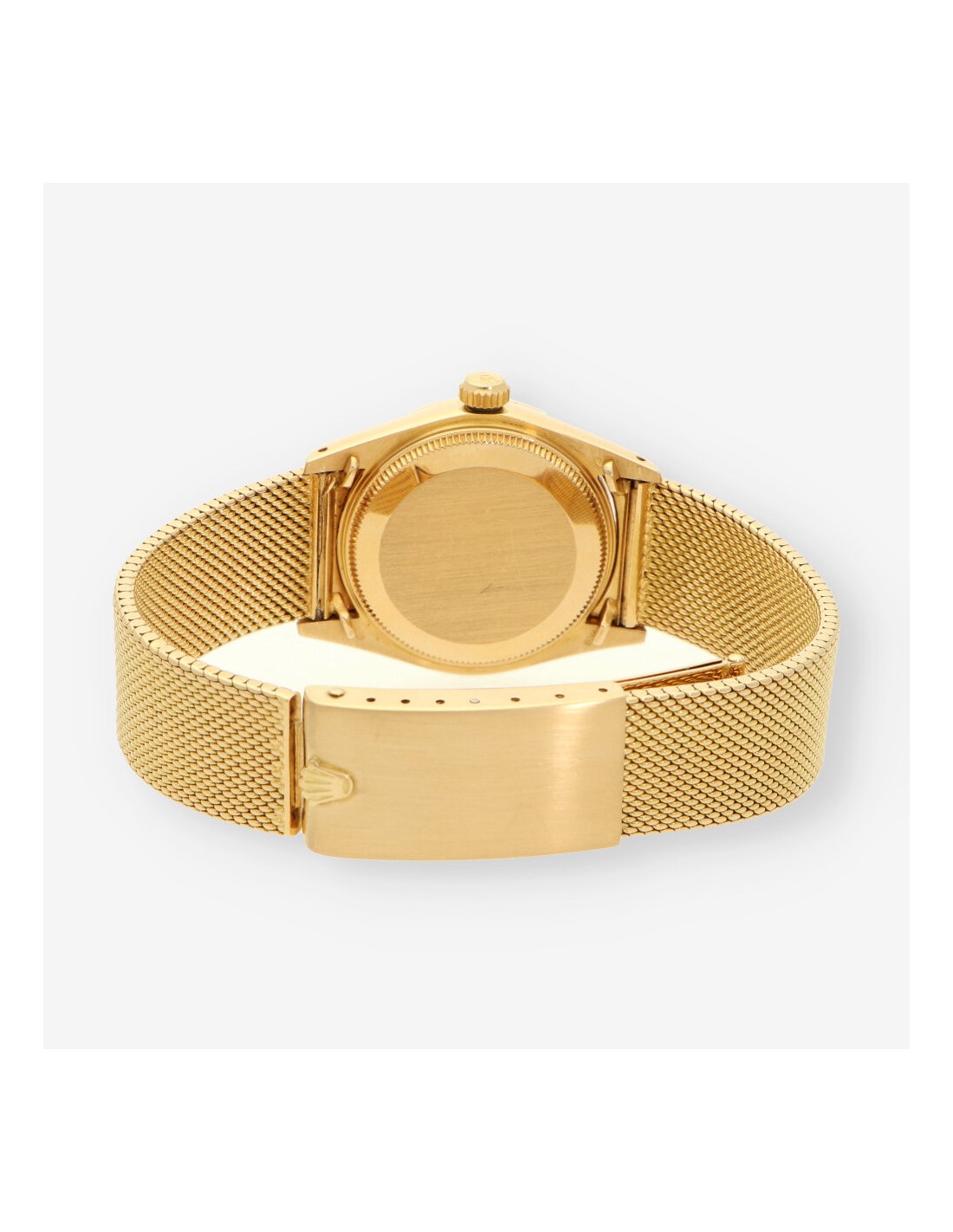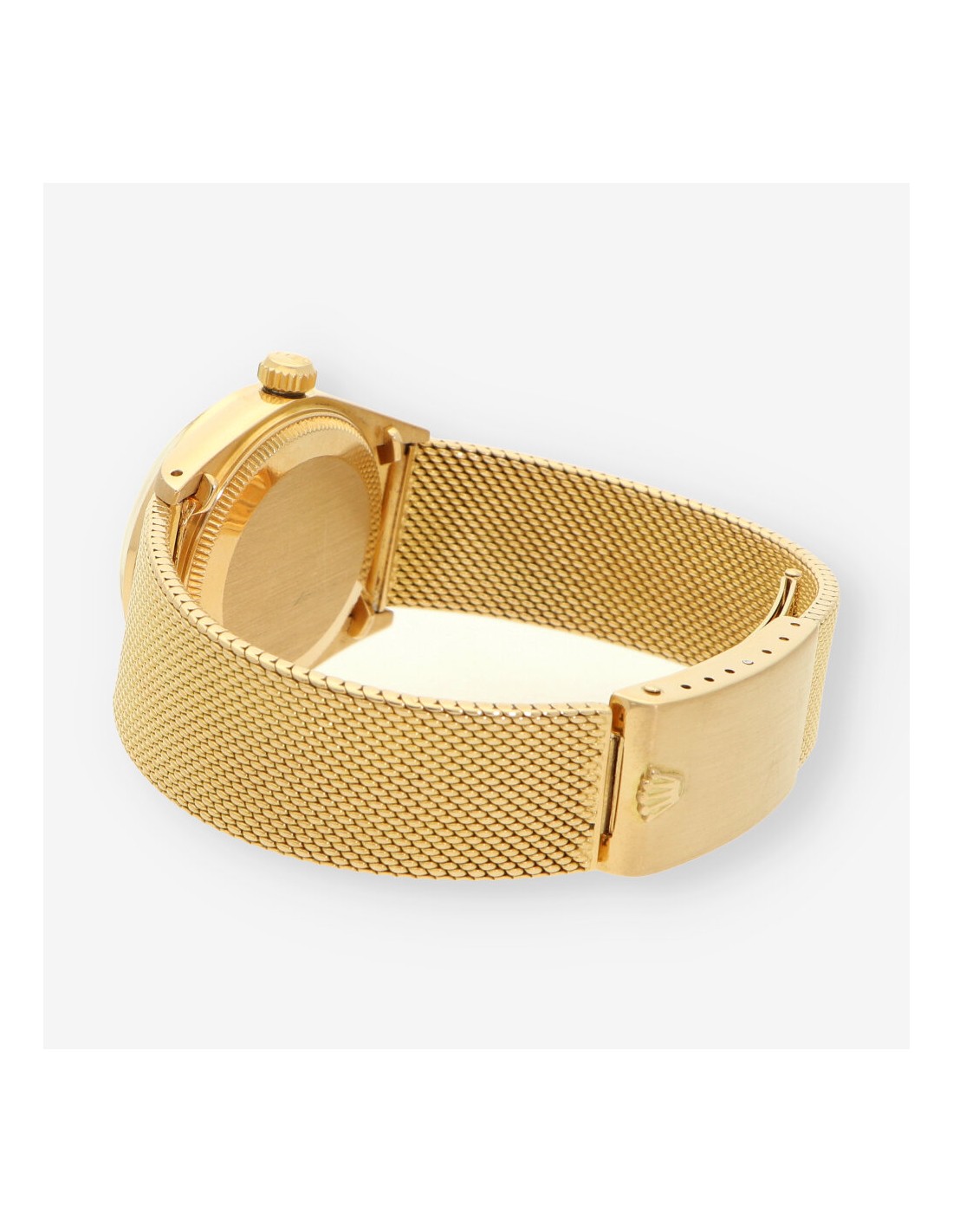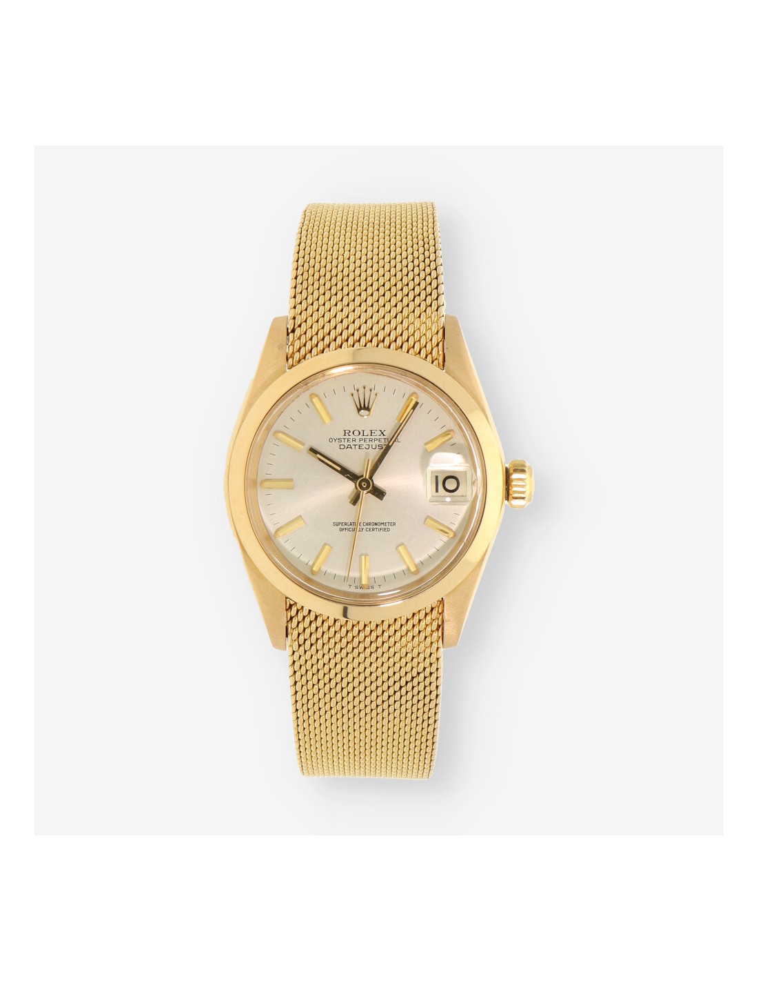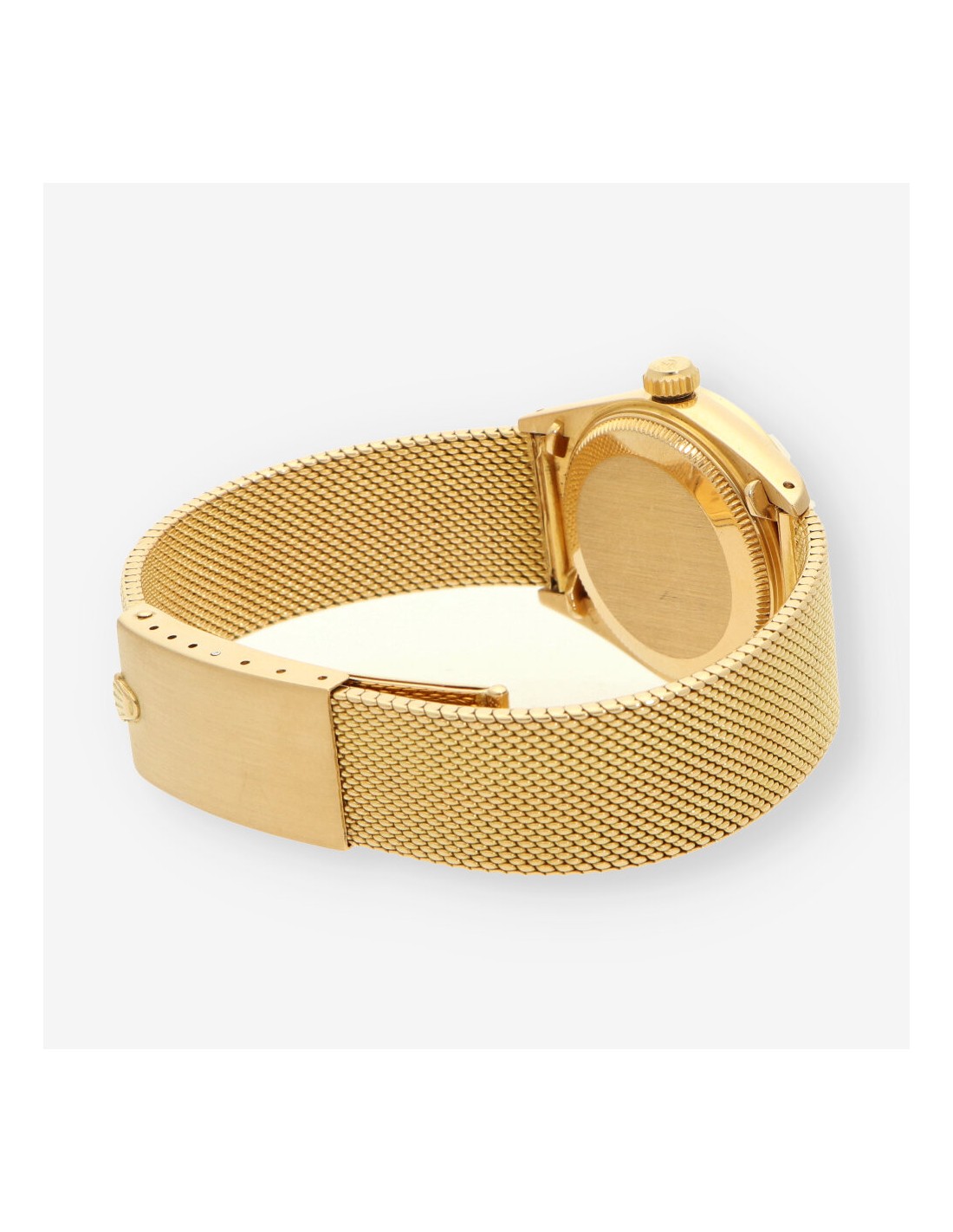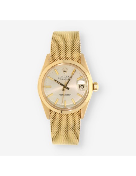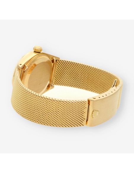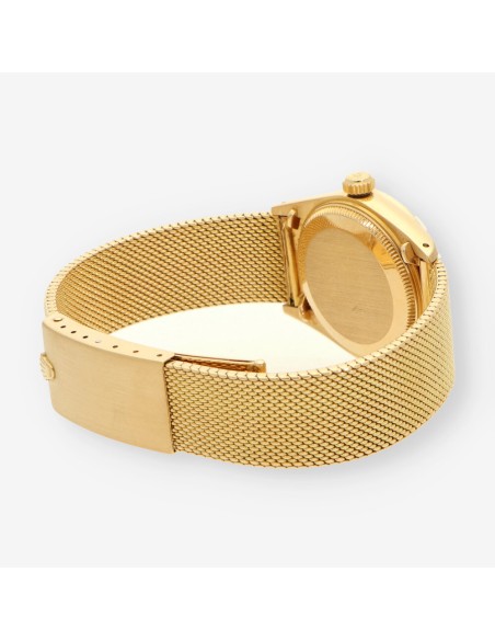 Rolex Lady Datejust ref. 6824 en oro amarillo de 18kt. Reloj automático con calibre Rolex 2030, reserva de marcha de 48 horas y 28 rubíes. Caja de 31 mm de diámetro en oro amarillo con cristal Plexiglas y bisel liso del mismo material. Esfera dorada sin cifras, con un diseño elegante y limpio. Hermeticidad garantizada hasta 10 ATM. Una pieza clásica y refinada, perfecta para quienes buscan distinción y tradición en un tamaño femenino. Año 1977 aprox.
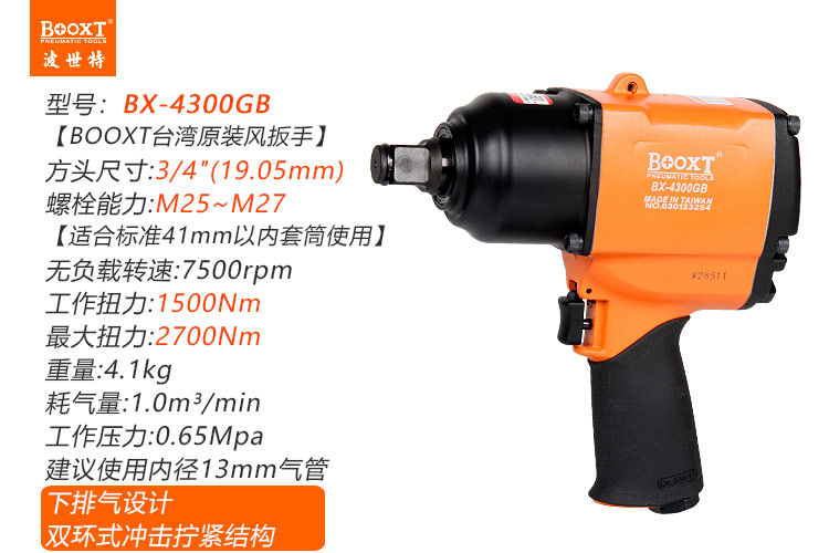 東莞市強(qiáng)勁五金工具有限公司提供臺(tái)灣BOOXT波世特品牌氣動(dòng)工具,臺(tái)灣中風(fēng)炮BX-4300GB廠家直銷(xiāo),首件享特價(jià)。咨詢熱線:4008301980
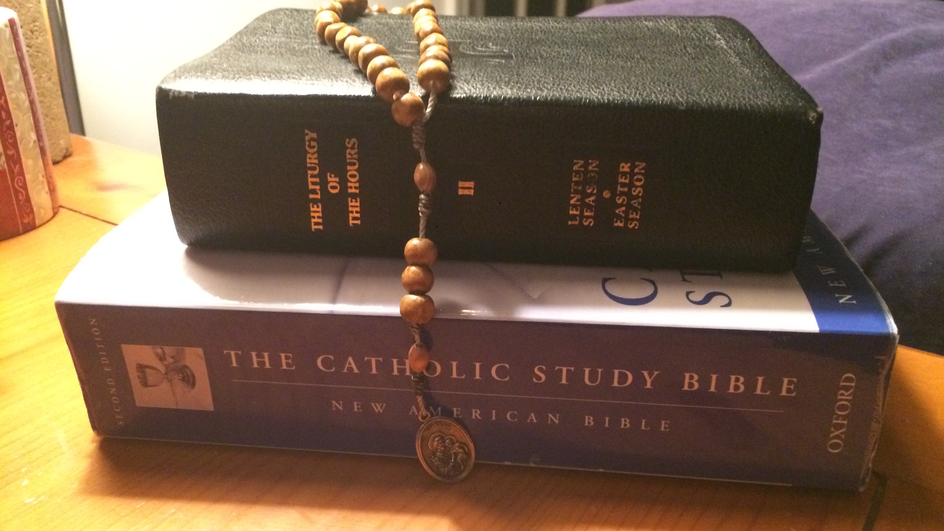 Photo: Bible, Breviary, and Rosary, my anchors for helping me to trust Jesus and put God first
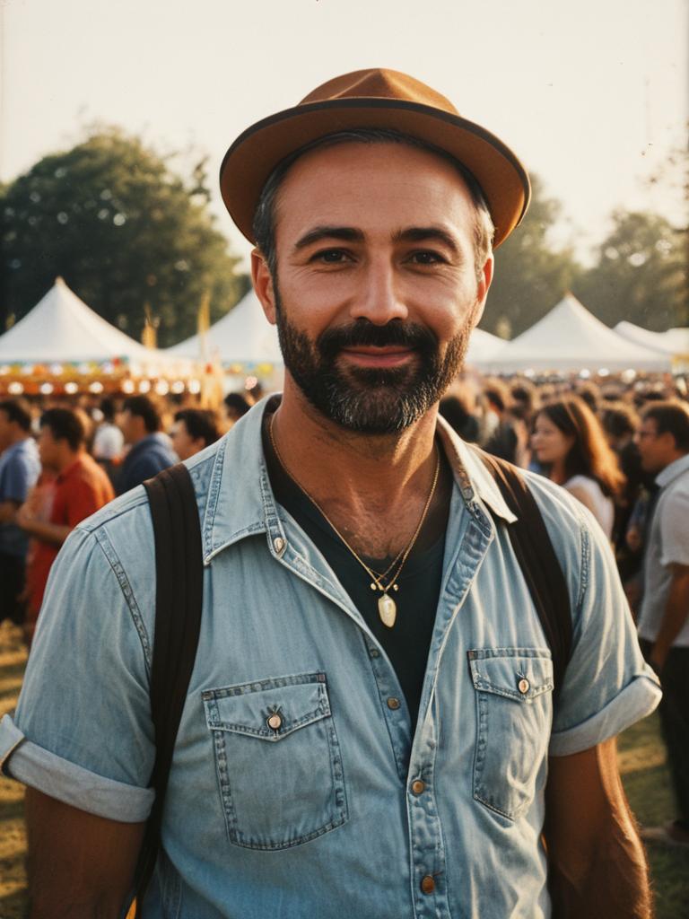 Man in Summer Casual Costume, summer festival portrait, photorealistic realism --sref 1390
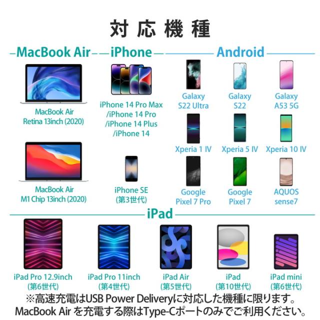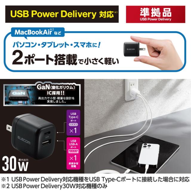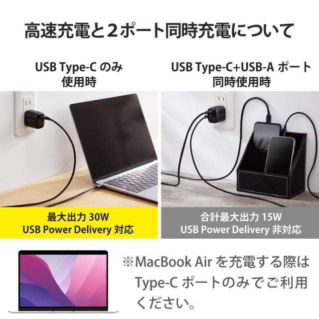 USB Type-C(TM)ポートとUSB-Aポートの合計2ポートを搭載し、GaN(窒化ガリウム)を採用した小型で軽量、かつ高出力なUSB AC充電器です。本製品のUSB Power Delivery最大出力は30Wです。USB Type-C(TM)ポートは、USB Power Deliveryに準拠し対応するノートパソコンやスマートフォン、タブレットなどを超高速充電が可能です。USB-Aポートは最大出力12W(5V/2.4A)で、“おまかせ充電”に対応しています。

WHAT IS REQUIRED: The lines to restate word for word run from the line that contains "東莞市強(qiáng)勁五金" through the end of the entries above, both ends included. Leave out all pictures and write nothing else.

SOLVED EXERCISE:
 東莞市強(qiáng)勁五金工具有限公司提供臺(tái)灣BOOXT波世特品牌氣動(dòng)工具,臺(tái)灣中風(fēng)炮BX-4300GB廠家直銷(xiāo),首件享特價(jià)。咨詢熱線:4008301980
 Photo: Bible, Breviary, and Rosary, my anchors for helping me to trust Jesus and put God first
 Man in Summer Casual Costume, summer festival portrait, photorealistic realism --sref 1390
 USB Type-C(TM)ポートとUSB-Aポートの合計2ポートを搭載し、GaN(窒化ガリウム)を採用した小型で軽量、かつ高出力なUSB AC充電器です。本製品のUSB Power Delivery最大出力は30Wです。USB Type-C(TM)ポートは、USB Power Deliveryに準拠し対応するノートパソコンやスマートフォン、タブレットなどを超高速充電が可能です。USB-Aポートは最大出力12W(5V/2.4A)で、“おまかせ充電”に対応しています。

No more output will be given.